The Redshift - SORTKEY and DISTKEY
Dec 4, 2013
Indexing in MPP analytical databases (Redshift, Vertica, Greenplum...) works very differently than in traditional transactional databases.
Suppose I’m looking to count nursing jobs. I’ve got a list of all job postings in Santa Cruz, and they aren’t ordered in any reasonable way. So I start at the first one, read it, and scan down the list looking for the word “nurse.” It takes a couple of seconds—no problem.
Suppose I go regional and I’m looking at the San Francisco Bay Area. That’s 20 times the number of Santa Cruz job postings, and it takes me a few minutes to scan the list and make a count. If I wanted to look at all of California, maybe it would take me an hour. The entire United States—even longer.
Now, suppose I want to analyze and compare all of these job postings across the entire United States. I need to scan these lists many times quickly. It’s too hard for me to do it alone, so I get the great idea to enlist a bunch of friends who can help me. To make things efficient, I distribute smaller pieces of the list for each city to each of my friends. They scan their smaller lists in a few seconds and send me their counts. I combine all these counts for the answers. Teamwork saves the day!
MPP (massively parallel processing) databases are like teams of robot friends.
In the old world of databases, you had just one reader—like me, before I had my friends. If I wanted to look at 10,000 things instead of 1,000 things, it would take 10x as long. One machine, one reader.
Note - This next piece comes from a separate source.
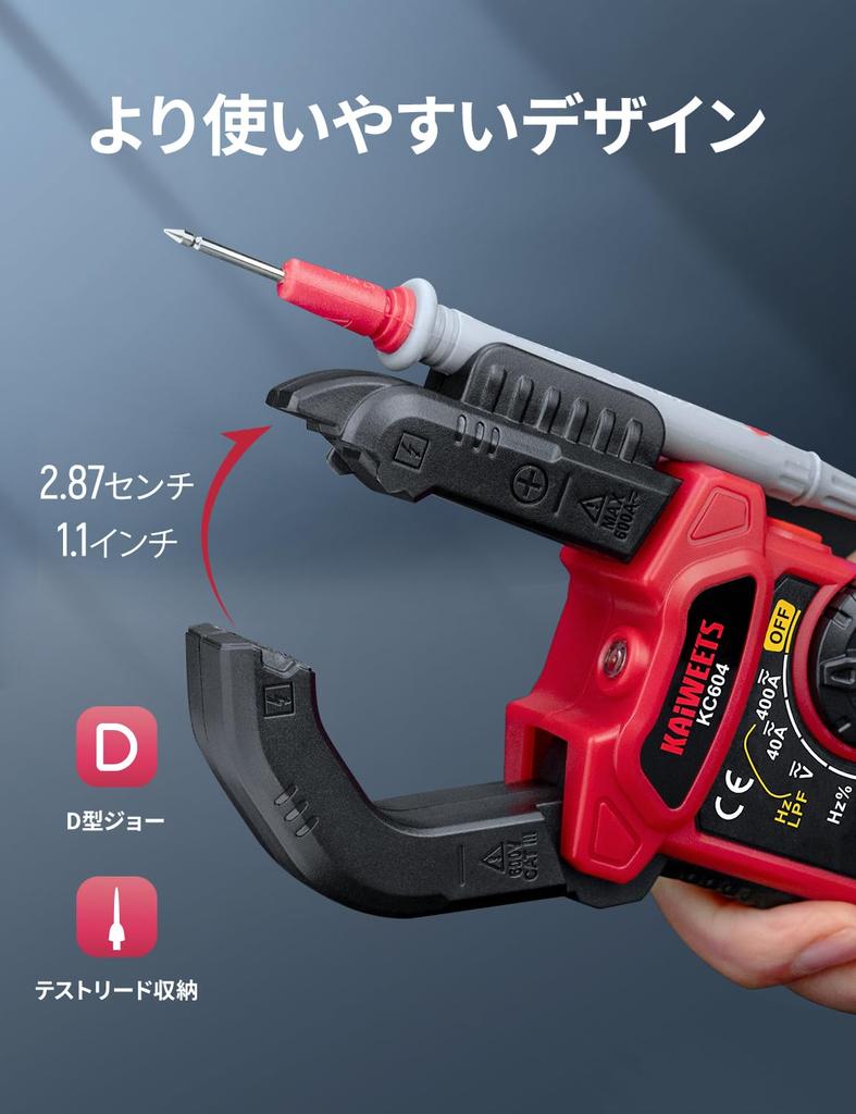 【D-образные зажимы】В отличие от других тестеров на рынке, клещи-мультиметры имеют характерную D-образную конструкцию, а зажимы могут открываться на расстояние до 1,1 дюйма, что обеспечивает удобный и безопасный способ зажима различных кабелей.. Тестовые провода можно закрепить, а провода защитить и хранить, когда они не используются.

In the new world of MPP databases, such as Amazon Redshift and HP Vertica, there are many readers that work in concert to scan a single list. The speed at which they can scan is only limited by the number of readers and the speed at which the results can be combined at the end.
Sorting and distributing: In the world you’re scanning, there are just two tools.
Sorting is pretty simple. Suppose a job list contains all the jobs in the last year. Next to each job is a date and the jobs are in date order. Really, I’m only interested in the last month’s postings. It’s pretty obvious, but I can avoid the work of reading all of them by jumping to the first posting of the month. In the MPP database world, this is a SORTKEY. Each list (or table) in the MPP world has exactly one SORTKEY.
How each part of the list is distributed to my friends actually matters. If my friends were truly random people in California, it might work to send them the list by those closest to the job. (Random people and random jobs will likely be distributed evenly in population centers, making it a decent algorithm.) But my friends tend to be localized—closer to where I am. It would be bad if I had one friend in LA and the rest in SF: My friend in LA would be really overloaded. For this problem, some randomly balanced way of distributing the list is appropriate. The location of my friends is probably not a great DISTKEY.
DISTKEYs and combining with other data.
Suppose I had another list, which was all the employers in California. This list also has some data about the employers, one item of which is the number of employees. Assume this is also a really big list. I want to know the number of nursing job listings from employers with more than 100 employees. In order to figure this out, I’ll have to scan the job postings (like we did before). And when we find a nursing job, we’ll have to look up the employer in the employer list to see if they have more than 100 employees. If they do, we’ll include the job in our output list.
The problem is: Each of my friends will have to have a copy of the entire employer list to complete the task. Since this list is really big, distributing the list to all my friends isn’t feasible.
If I’m clever, I can break up both the jobs list and the employer lists the same way, by ZIP code. I can give lists from multiple ZIP codes to each of my friends and try to do a reasonable job of balancing the work. When I’m looking at a job listing, I don’t need to look at the entire California employer list, just the list in the right ZIP code.
A tale of two keys.
MPP databases are a major advance, though the underlying mechanism is very simple. All data is stored in tables sorted by SORTKEY. You can scan the entire table by filtering based on the SORTKEY.
Lists are partitioned by DISTKEYs. If you’re going to have two large lists that are linked together in some way (a customer and her orders, for example), you’re going to want to distribute portions of that list based on a key, a DISTKEY, that keeps this data together logically.
MPP machines. The robot army.
Once data has been organized in this way, it becomes easy to engage a robot army to solve your problems. The speed at which you can look at data is only limited by the size of your army (the number of machines in your cluster). Want to look at 20B pieces of data in a few seconds? No problem.
In this world, we really do think about problems in a different way. Looker is built to harness the robot army and make it work for you. We see the world differently. So could you.